Why Warmup the Learning Rate? Underlying Mechanisms and Improvements
LLMs can handle much larger learning rates by letting networks naturally reduce their loss landscape sharpness
LLMs can handle much larger learning rates by letting networks naturally reduce their loss landscape sharpness
Deep networks self-adjust their geometry during training, eliminating the need for manual warmup steps, proposed in this paper,
Original Problem 🔍:
Learning rate warmup is widely used in deep learning but lacks clear understanding of why it works and when it's truly necessary.
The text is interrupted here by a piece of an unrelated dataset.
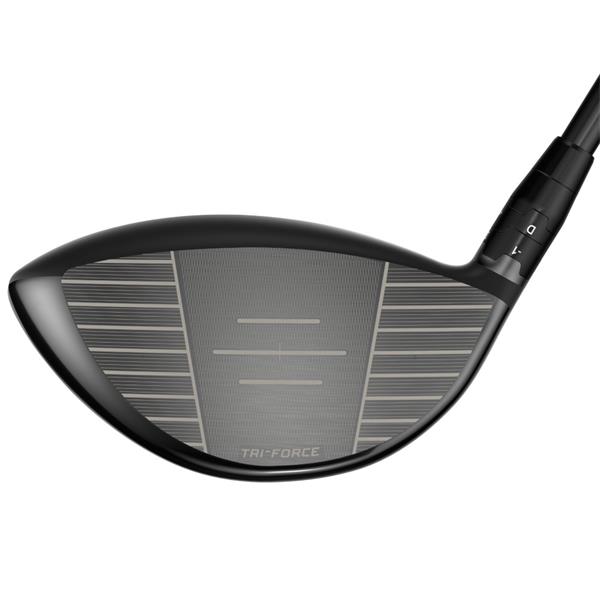 Unreal speed and distance, even on off-center hits, made possible by a breakthrough Tri-Force Face that layers ultra-thin, high-strength Titanium, Poly Mesh, and Carbon Fiber into a fully integrated speed system—a combination never before used in driver face design.
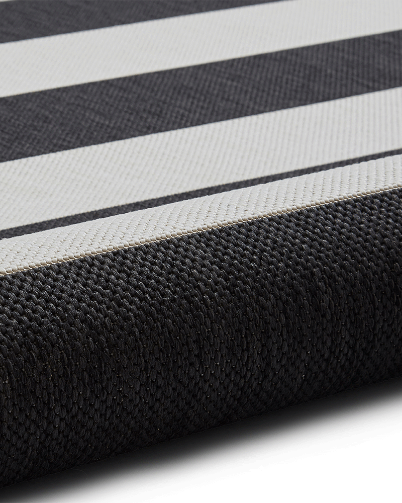 SANTA MONICA BLACK WHITE STRIPE 48644 INDOOR / OUTDOOR FLAT WEAVE RUG

Existing explanations are varied and don't demonstrate the extent of warmup's necessity.
Solution in this Paper 🛠️:
• Analyzed warmup across architectures (FCNs, ResNets, Transformers), optimizers (SGD, Adam), and datasets
• Identified two key mechanisms:
Natural Progressive Sharpening: Network increases sharpness while learning rate rises
Natural Sharpness Reduction: Network reduces sharpness early in training
• Proposed GI-Adam: Initializes Adam's variance using gradient information
• Introduced "catapult mechanism" to estimate initial sharpness and optimize warmup steps
Key Insights 💡:
• Warmup's primary benefit is enabling networks to handle larger target learning rates
• Makes hyperparameter tuning more robust by widening the range of viable learning rates
• Adam is particularly sensitive to large learning rates due to high initial preconditioned sharpness
• Small initializations (like μP) benefit less from warmup than large ones (like SP)
Results 📊:
• GI-Adam consistently outperforms standard Adam across datasets
• Reduced initial preconditioned sharpness by ~2 orders of magnitude
• Successfully eliminated warmup steps in some cases through proper initial learning rate selection
• Pushed training failure boundary to higher target learning rates
🔄 The underlying mechanisms of how warmup works
Two main mechanisms exist depending on initialization:
Natural Progressive Sharpening: Network naturally increases sharpness while learning rate increases, leading to repeated "catapult" cycles where loss spikes trigger sharpness reduction.
Natural Sharpness Reduction: Network naturally reduces sharpness early in training. If learning rate increases too quickly, it triggers isolated catapult events that dramatically reduce sharpness.